Albemarle bets on turnaround in wave of green car goals

Albemarle extracts lithium from underground brine deposits at this site in Silver Peak, Nevada. Credit: Albemarle

Albemarle Corp. has earmarked almost all the proceeds from a $1.5 billion equity offering to expand its lithium capacity as the global battery boom gathers momentum.

Already the world’s biggest lithium supplier, the Charlotte, North Carolina-based company will allocate about 90%, or $1.35 billion, of a bigger-than-planned capital raise to expand operations in Chile and Australia and processing plants in China, Chief Executive Officer Kent Masters said.

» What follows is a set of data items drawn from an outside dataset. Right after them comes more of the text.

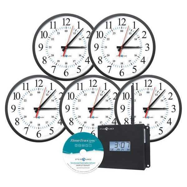 Five 13 in 12/24 Hour Face Rf Wireless Analog Wall Clocks, Five 3.6V Lithium Batteries, Software, Timetrax Sync(TM) Wall Mount Rf Wireless Transmitter, User Guide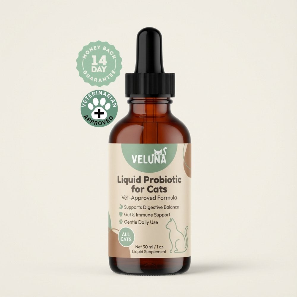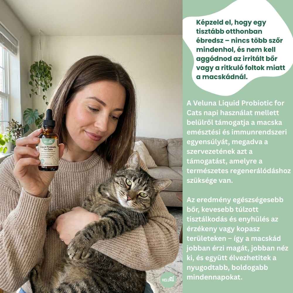 A Veluna Folyékony Fejlett Probiotikum Macskáknak azért készült, hogy kezelje a macskák túlzott tisztálkodásának egyik leggyakrabban figyelmen kívül hagyott okát: a belső egyensúly felborulását. Ez a célzott probiotikum a macska bélrendszerének támogatására lett kifejlesztve, ahol a bőr komfortérzete és a szőrzet egészsége valójában kezdődik.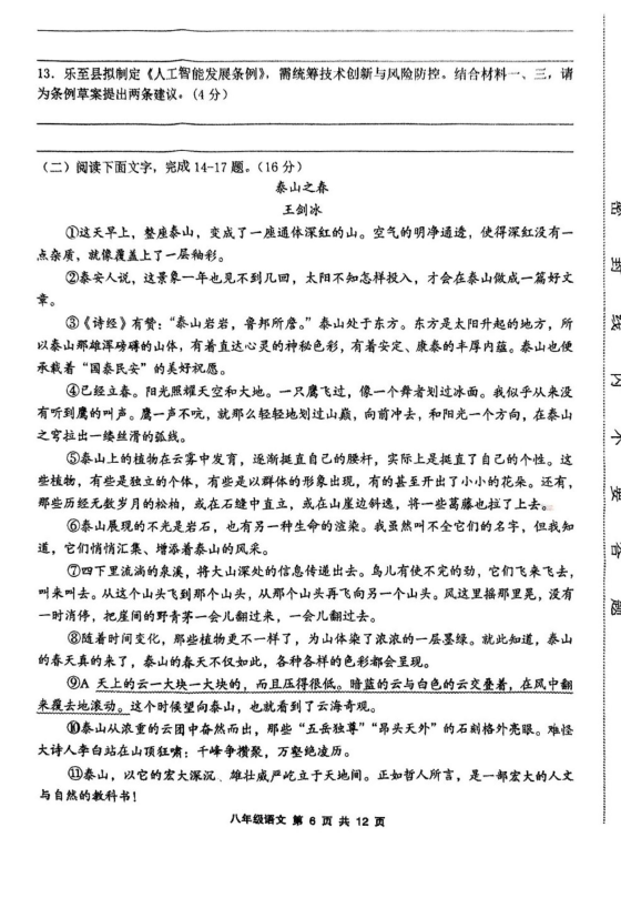 初中期末試題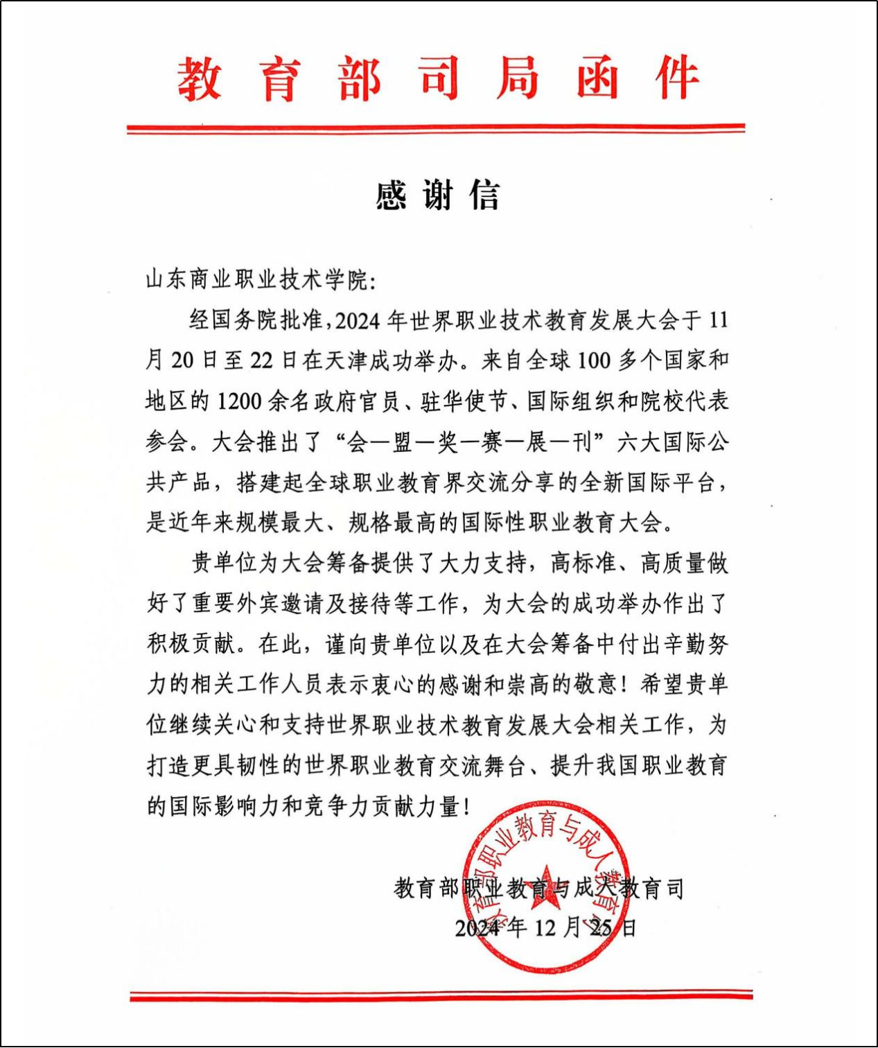 近日,教育部職業(yè)教育與成人教育司向山東商職學(xué)院發(fā)來感謝信,感謝學(xué)校為2024年世界職業(yè)技術(shù)教育發(fā)展大會的籌備及高標(biāo)準(zhǔn)、高質(zhì)量邀請和接待重要外賓等所做的工作。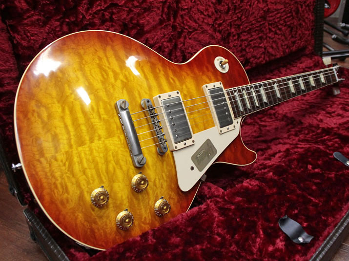 Gibson Custom Shop Hand Select Historic Collection 1959 Les Paul Standard Reissue VOSです。仕様はハンドセレクトされたキルトメイプルトップにマホガニーボディー、ローズウッド/マホガニーネックです。2014年製のHistoric Collectionですので、ヴィンテージと同様にチューブレスのトラスロッドやニカワによるネックジョイント・指板の接着が行われています。ピックアップはフロント・リア共にGibson Custom Buckerが搭載されています。スイッチプレートはGibson創立120周年記念プレートです。また、バックプレートはギブソン・カスタムのブランドの製品開発を取り仕切っているEdwin WilsonとディレクターセールスマネージャーのThom Fowleのサインが入った特別製です。

Producers of the key ingredient in rechargeable batteries are starting to ramp up amid signs the market is finally recovering from a glut. Chinese spot prices of the soft, slivery white metal have rebounded this year as a wave of green-vehicle targeting boosts demand prospects. Ford Motor Co. announced last week that its passenger-vehicle range will be all-electric in Europe by 2030. General Motors Co. plans to sell only zero-emission models by 2035.

“It’s difficult to predict, but we’re pretty confident that demand will outstrip supply as we get to the end of the year,” Masters said in an interview.

BloombergNEF expects supply of lithium hydroxide, or battery grade lithium, to be tight this year and prices to rise along with battery consumption. It also expects lithium demand to grow almost eight-fold by 2030 from last year’s levels. Albemarle lifted its demand forecast by 14%, and now expects it to exceed 1.1 million tons by 2025 from about 300,000 tons now.

The electric-vehicle proclamations by manufacturers combined with existing favorable subsidies and regulations in Europe and China mean “the demand side is very encouraging,” said Eric Norris, Albemarle’s head of lithium.

The company, which also has bromine and catalyst operations, plans to spend the money from the capital increase in the next three to four years to bring on 150,000 tons of Lithium Carbonate Equivalent capacity, mostly around conversion assets and mainly for hydroxide.

Mined lithium has to be converted into chemicals before being able to make battery cathodes. Building and expanding in-house chemical conversion capacity can lower costs and reduce carbon emissions by eliminating the need for transporting bulk raw materials, according to BloombergNEF analyst Allan Ray Restauro.